Female college student

For thousands of young adults, college is about to begin for the new school year. Many students live on campus, while others prefer to commute and stay elsewhere. No matter where they live, though, anyone on a college campus can become at risk for violence or harmful acts.

If you’ve been falsely accused of a crime while on campus, contact the attorneys at The Law Offices of Jed Silverman right away. Our lawyers will fight for you and work with you for the best possible outcome.

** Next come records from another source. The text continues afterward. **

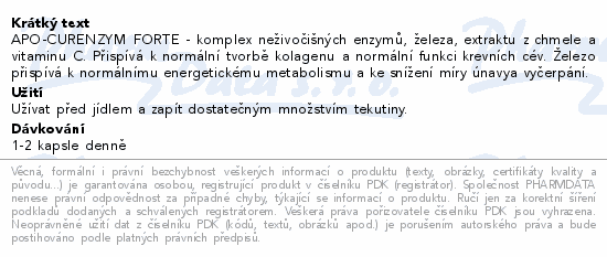 APO-CURENZYM FORTE - komplex neživočišných enzymů, železa, extraktu z chmele a vitaminu C. Přispívá k normální tvorbě kolagenu a normální funkci krevních cév. Železo přispívá k normálnímu energetickému metabolismu a ke snížení míry únavya vyčerpání.
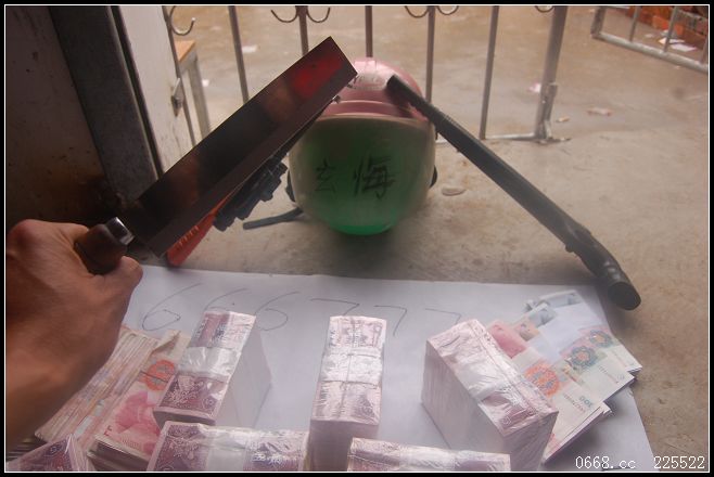 此图乃“湖海山人”在家中所作,即“湖海山人”家门防卫已尽失,家门洞开,催魂之灵已入家中。况“玄海”之兵马DD催命之灵铜皮铁骨,刀枪不入,尽管“湖海山人”乃黑道人物,手中有黑枪,有菜刀,但如何对付得了已入屋之灵?从其所作两张图片的冥币来分析,其买路钱如日剧增,从“五毛”小币增至百元大钞,看来“湖海山人”真的担心买路钱不够了!不过有“玄海拾贝”所赠玄语数句,足可通关矣!
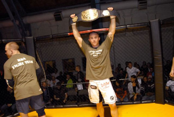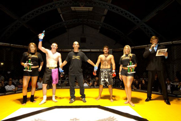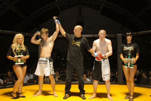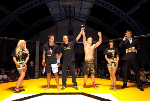 Local boy Marios has made a reputation for himself as a  fighter who doesn’t hang around, and once again he lived up to his reputation. Marios  started with a high kick which Mo managed to duck, and both fighters begin to  exchange punches and kicks in the middle of the cage. Mo makes a couple of  attempts to get Marios down on the ground which he succeeds to do on a couple  of occasions.

Tips For Staying Safe On Campus

Learn More about Campus Safety or Security

Most college campuses have a form of campus security or a campus safety office that you can go to if a problem would arise. Make sure to learn where this office is located and put in your phone the number for campus security. It’s a lot easier to have the phone number already programmed into your phone than to try and look it up after an incident.

Lock Doors

This doesn’t just include your room — if you have a car on campus, it’s important to keep that locked at all times too. Similarly, if your dorm has a secured entrance and you’ve noticed people aren’t locking the door or closing the door fully all the time, make a change now. This not only helps keep you safe inside your building but others in your building as well.

Never Be Alone

Especially if it’s at night and you’re outside, it’s best to walk with a friend or two compared to walking on campus by yourself. Walking in groups makes you more intimidating to someone who would potentially harm you compared to you walking alone. Additionally, if you need a carshare ride, consider having a friend or two tag along with you. Not only can you feel more comfortable getting out of your normal space, but the fare for the ride could be cheaper too if you split the bill with friends.

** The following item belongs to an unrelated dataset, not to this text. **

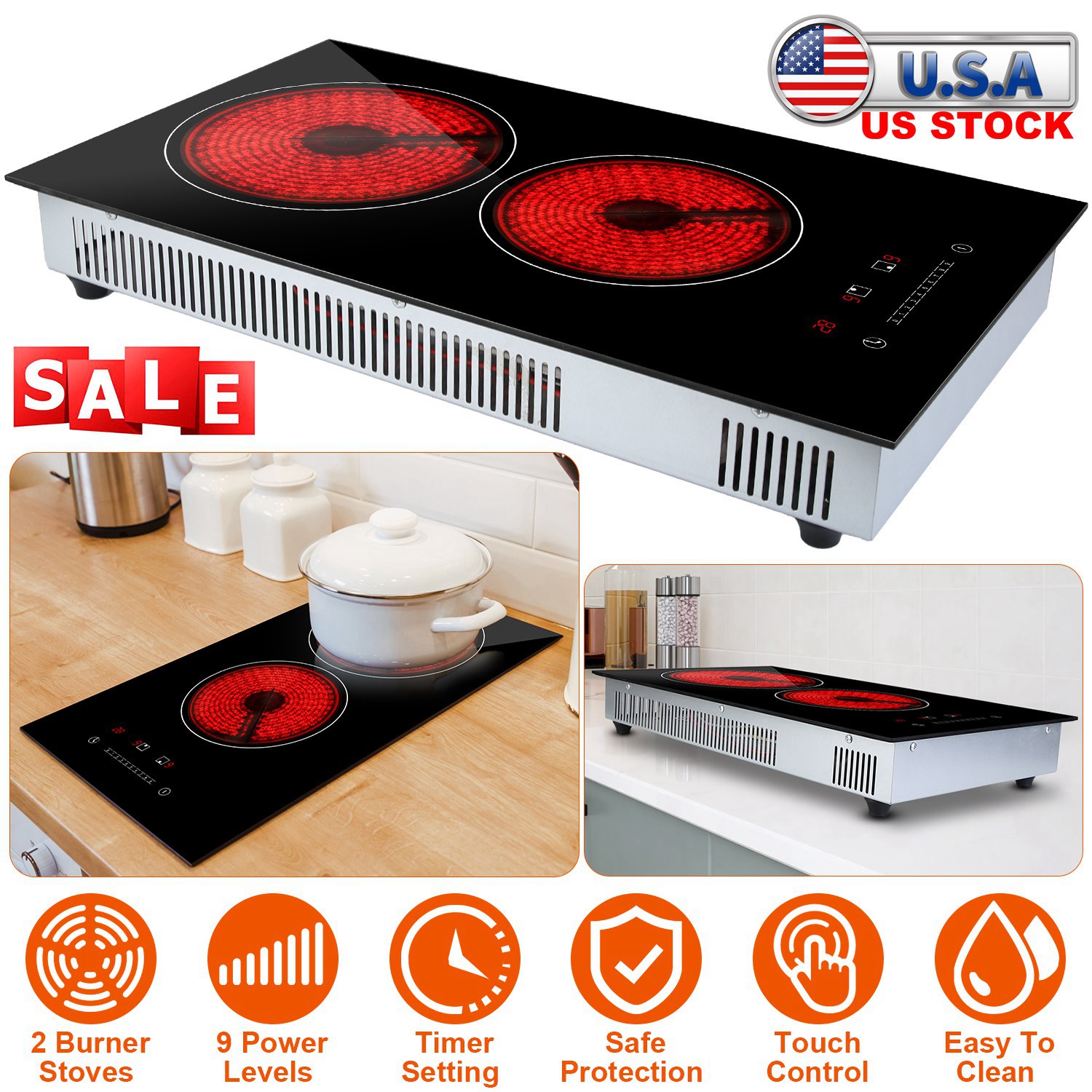 Home > Dual Induction Burners Electric Cooktop 110V Total 1900W Electric Stove Built-in Electric Ceramic Stove with Timer Setting 9 Firepower Levels Over Hea

Communicate Your Plans to Others

If you’re going to go out at night, make sure your roommate or a friend knows where you’re going. Should the worst happen, it’s easier for law enforcement to find you by retracing your steps. By letting someone know where you’re going and that you’ve made it home safely, you’re helping eliminate any worry others may have.

Keep Your Phone Charged

It might sound silly, but having a fully charged phone is another way to keep you as safe as possible on campus. If something would happen to you, by having a fully charged phone, you’ll have enough battery to make any calls or send any messages necessary during an emergency. Then, too, make sure your phone is easily accessible. During an emergency, it may be hard to find, so make sure to keep your phone in a place where you can grab it quickly.

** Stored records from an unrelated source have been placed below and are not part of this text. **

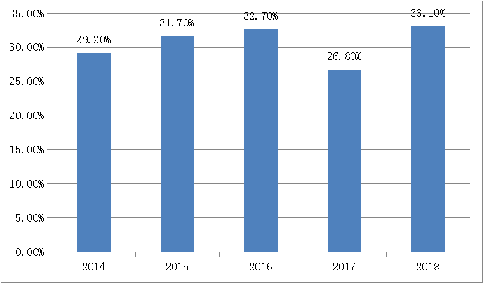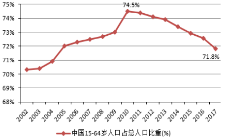 近年來,中國人口結(jié)構(gòu)發(fā)生了巨大變化,15-64歲勞動適齡人口占總?cè)丝诘谋戎刈?011年以來呈現(xiàn)逐步下滑的趨勢,2017年該比重已經(jīng)下滑至71.8%,相比2010年的最高點降低了2.7個百分點。另外,中國社會的老齡化問題更加嚴重,中國人口紅利逐步消失,目前已經(jīng)出現(xiàn)了劉易斯拐點。人口結(jié)構(gòu)的變化,勞動力供給條件的變化顯著的推高了我國的勞動成本,不僅削弱了制造業(yè)的競爭力,對勞動密集型的產(chǎn)業(yè)同樣也帶來了嚴峻的挑戰(zhàn),也削弱了中國產(chǎn)品在全球市場的競爭力。
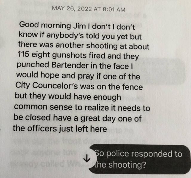 219. Melissa sends a text to the Mayor(see below). She goes on to say that they punched the bartender in the face. No, the bartender was untouched. The bouncer was the one assaulted. Todd Peterson, the shooter, became an unruly customer. He was not a regular, nobody knew him. When he began causing disturbances in the bar, he was asked by the bouncer to leave. He left in the direction of the Cobblestone Hotel where he was staying. Patrons in the back of the Palace heard gun shots coming from the alley next to the hotel. It would be like somebody shooting a gun in the Dollar Store parking lot on Tower and then saying it happened at Walmart. Close enough I guess. Then she goes on yakking about closing us down. IT DID NOT HAPPEN ON PALACE BAR PROPERTY.
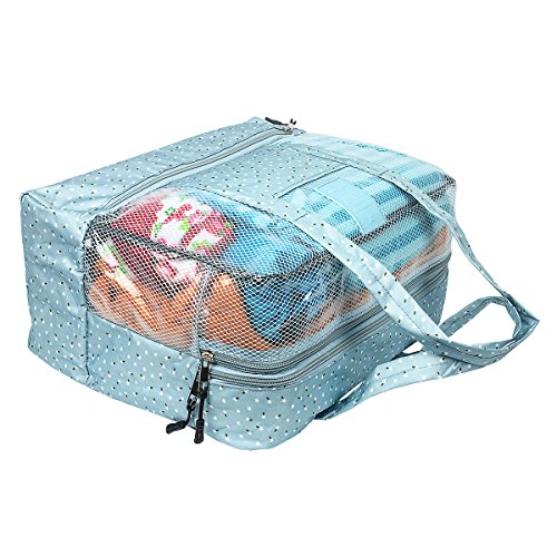 5. Large capacity: 2 big bags (1 wet bag and 1 dry bag ); 1 outside small bag for small objects ,keys ,cards , moblile phones and etc; 1 bottom bag with 1 zipper , suit for shoes , towel or need separated items .
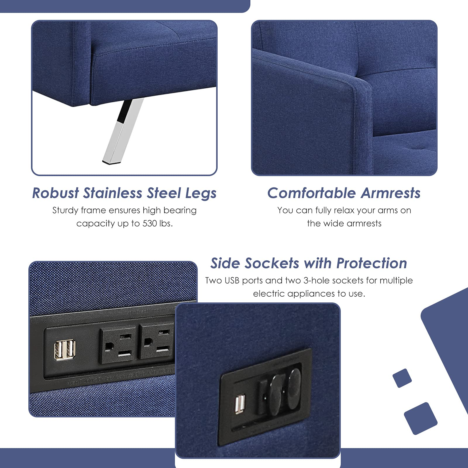- Convertible Sofa Bed: The backrest has 3 adjustable tilting degrees (105°, 155°, and 180°) and can be converted into an extra bed.
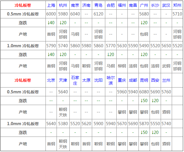 1月7日冷軋板卷價(jià)格:主穩(wěn);
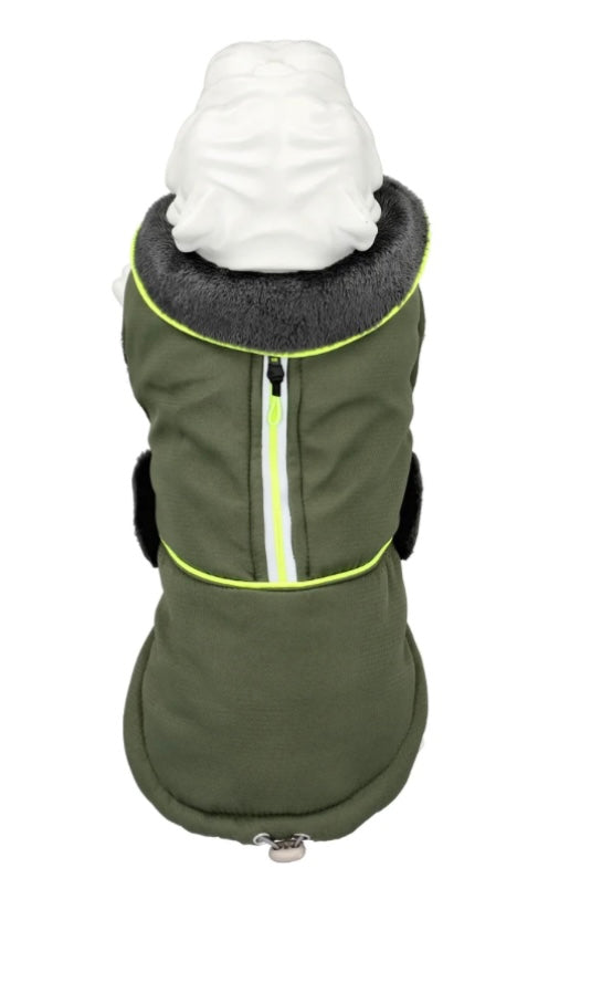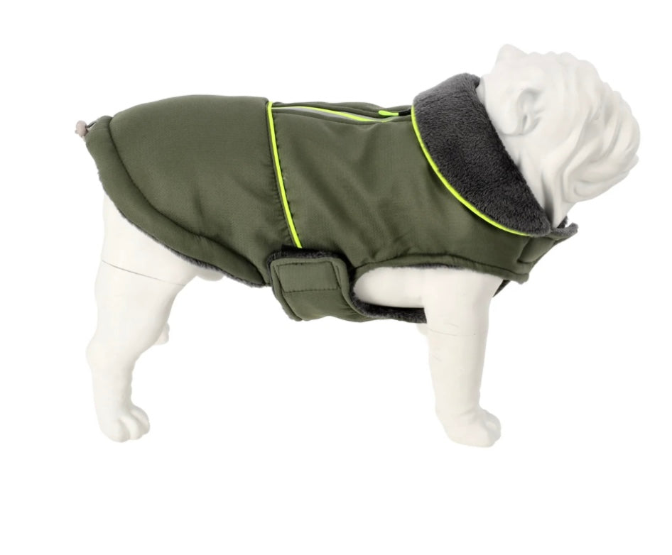 Il a un intérieur tout doux et bien chaud pour votre compagnon, sur la tirette il y a une bande réfléchissante et 2 bandes jaune fluo.

Tell a White-Lie If Needed

A white-lie or stretching the truth never hurts anyone when it comes to your safety. If you feel uncomfortable in a situation, pretend that you received a text message and remove yourself from the situation. Or tell the person you’re interacting with that you have a curfew and you need to get back home in time, whether that be for a homework assignment or to give your roommate reassurance that everything is OK. No matter how you spin it, telling a white lie to get yourself out of a situation is nothing to be ashamed of.

Trust Your Gut

Going with the sentiment above, if something doesn’t feel right, take a step back and reexamine the situation. If you don’t feel safe, find a way to get out fast before a problem could arise.

While it’s important to stay safe in situations, we understand that sometimes two young adults can find themselves in a situation where they’re not on the same page. If you’re falsely accused of a crime, contact the lawyers at The Law Offices of Jed Silverman right away. With three offices surrounding the Houston area, our attorneys are ready to fight for you. Contact us today at (713) 597-2221.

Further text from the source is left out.